ネパール評論 Nepal Review

ネパール研究会

停電資本主義

谷川昌幸(c)

 1.停電革命論の誤り

以前,停電革命論を唱え,停電で困っている人々の顰蹙を買った。電力依存度が高いのは農村より都市,庶民より有産階級だから,停電により格差が解消され,平等化が促進される,といった趣旨だった。ところが,実際にはそうはならなかった。

 

今日はカトマンズ滞在3日目。1日16時間停電。もしこれが日本なら,暴動か革命か戦争になっていただろう。政府が倒れてしまうのはいうまでもない。ところが,ここネパールでは,人々はぶつぶつ不平を言いつつも,たいした混乱もなく生活している。私の停電革命論は間違っていた。

 

2.停電資本主義

カースト社会を基盤とした資本主義は,それほどヤワではなかった。停電が日常化すると,資本家有産階級は発電機を買い自家発電。これに対し,無産庶民階級は無電力生活に逆戻り。商売でも,発電機投資ができる店はますます繁盛し,そうでない店は没落していく。ネパールでは,停電ですら,資本主義化を促進しているのだ。

 

これを支えているのが,依然として残るカースト意識。停電資本主義により生活格差が拡大しても,庶民や貧困層は暴動にも革命にも走らない。
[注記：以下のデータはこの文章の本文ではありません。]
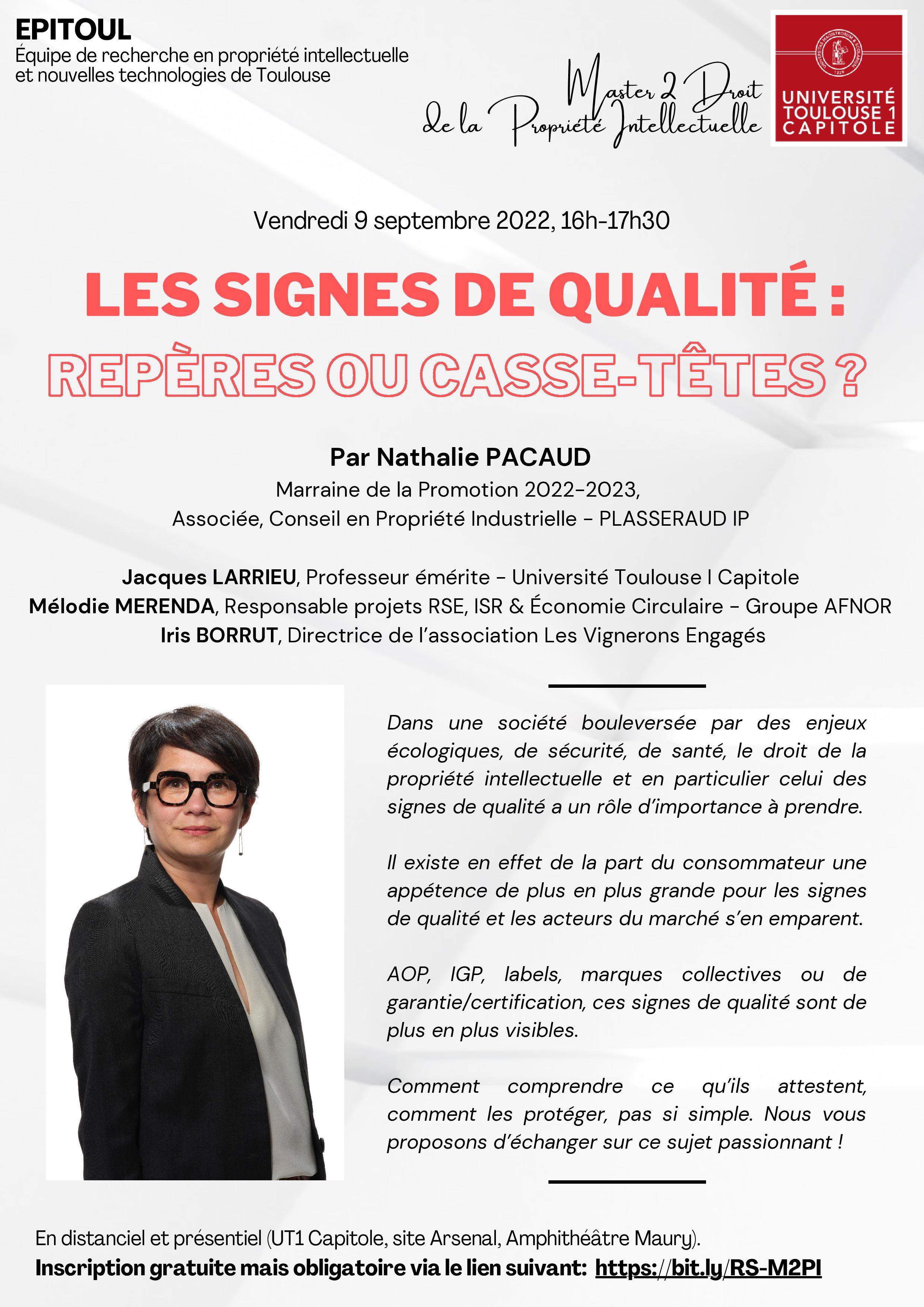 Dans une société bouleversée par des enjeux écologiques, de sécurité, de santé, le droit de la propriété intellectuelle et en particulier celui des signes de qualité a un rôle d’importance à prendre. Il existe en effet de la part du consommateur une appétence de plus en plus grande pour les signes de qualité et les acteurs du marché s’en emparent.

ぶつぶつ文句を言いつつも,結局はそれに順応している。

 

3.資本主義前衛としての共産党幹部

一方,本来なら停電革命を指導すべき共産主義諸勢力は,議会の2/3を占めながら,彼ら自身が停電資本主義の「勝ち組」となっており,16時間停電の絶好のチャンスを生かそうとはしない。共産党幹部は,自家発電でヌクヌクと暮らし,前衛は前衛でも,共産主義革命ではなく,停電資本主義の前衛となってしまっている。

 

このネパールが大きく変わるには,犠牲は大きくならざるをえないが,やはり何らかの原理主義革命が必要なのではないだろうか?

 

下図は,自家発電で営業中のレストラン。客はわれら2人以外は,欧米帝国主義国ブルジョアばかり。満席で繁盛していた。食事代,1人750ルピー。